Leadership development versus leadership placement becomes an unseen force that, like driving while the emergency brake is activated, can greatly hinder a church from effective multiplication and movement. With placement, you take an already strong leader and place them in a position or role. And in budding church plants, where a planter is desperate for any help, this is often the easiest, simplest, and quickest way to fill in the gaps.
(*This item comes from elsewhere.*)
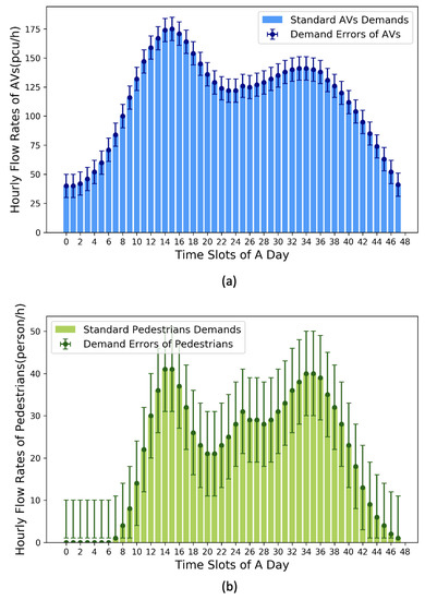 The hourly flow rates of AV transport and pedestrians are generated in alignment with the bimodal travel time distributions, following the description in [59]. A travel plan jointly synthesises pedestrian trips and AVs trips at the OD-pair level in 48-time slots of a day. Let and denote the vehicular and pedestrian travel demands per OD pair at time t. The sizes of AV fleets and pedestrians subject to corresponding travel plans, as expressed in Constraints (23) and (24).

But it’s near impossible to change that culture as the church begins to grow. Recruitment focuses on the placement of the right leaders in the right positions, and prayer for qualified leaders becomes prominent in staff meetings. Those in the wings who are humble and teachable, yet inexperienced, are left without an opportunity. On the other hand, leadership development looks for the humble and teachable person who has the potential to grow into a leadership role. Metrics are less about experience and more about willingness. Prayer for qualified leaders is more about humble people over experienced professionals. This allows all God’s people, and especially those who are young and passionate for ministry experience, to have an opportunity for growth. Often the most qualified and passionate leaders in a culture of multiplication are the ones that have been raised up from within that culture. It becomes less about adopting someone else’s vision and more about being shaped within and in the vision of your church. When churches crack this development versus placement code, they release the parking brake, shift into first gear, and burn rubber on the multiplication highway.

Over a two-year process, LifeWay Leadership convened 18 leadership experts. These were leaders in the church and outside of it, from different backgrounds, perspectives, and positions. Through a series of meetings, we wrestled through the idea of leadership development and if there were a core set of competencies that leaders shared, regardless of position. As outlined in the book, Leadership Code, 60-70 percent of leadership is transferable from position to position. In other words, up to 70 percent of what makes a leader effective in one organization, role, or position, is transferable to another organization, role, or position. In the course of these meetings, we uncovered over 280 competencies that effective leaders shared. While studying and filtering through this data, we uncovered a pattern. There were six broad categories that stood out as common themes:

  • Discipleship: Theological and spiritual development
  • Vision: Preferred future
  • Strategy: Plan or method for the preferred future
  • Collaboration: Ability to work with others
  • People Development: Contributing to the growth of others
  • Stewardship: Overseeing resources within one’s care

These are the six core competencies for any and every leader within your church. Of course there are ministry-specific competencies, like rhythm for a musician or the ability to ask questions for small group leaders. However, regardless of the ministry area that leaders serve in, these six shared core competencies will guide their growth and development.

So, have you implemented a leadership pipeline in your church that develops new leaders and doesn’t simply train those already qualified?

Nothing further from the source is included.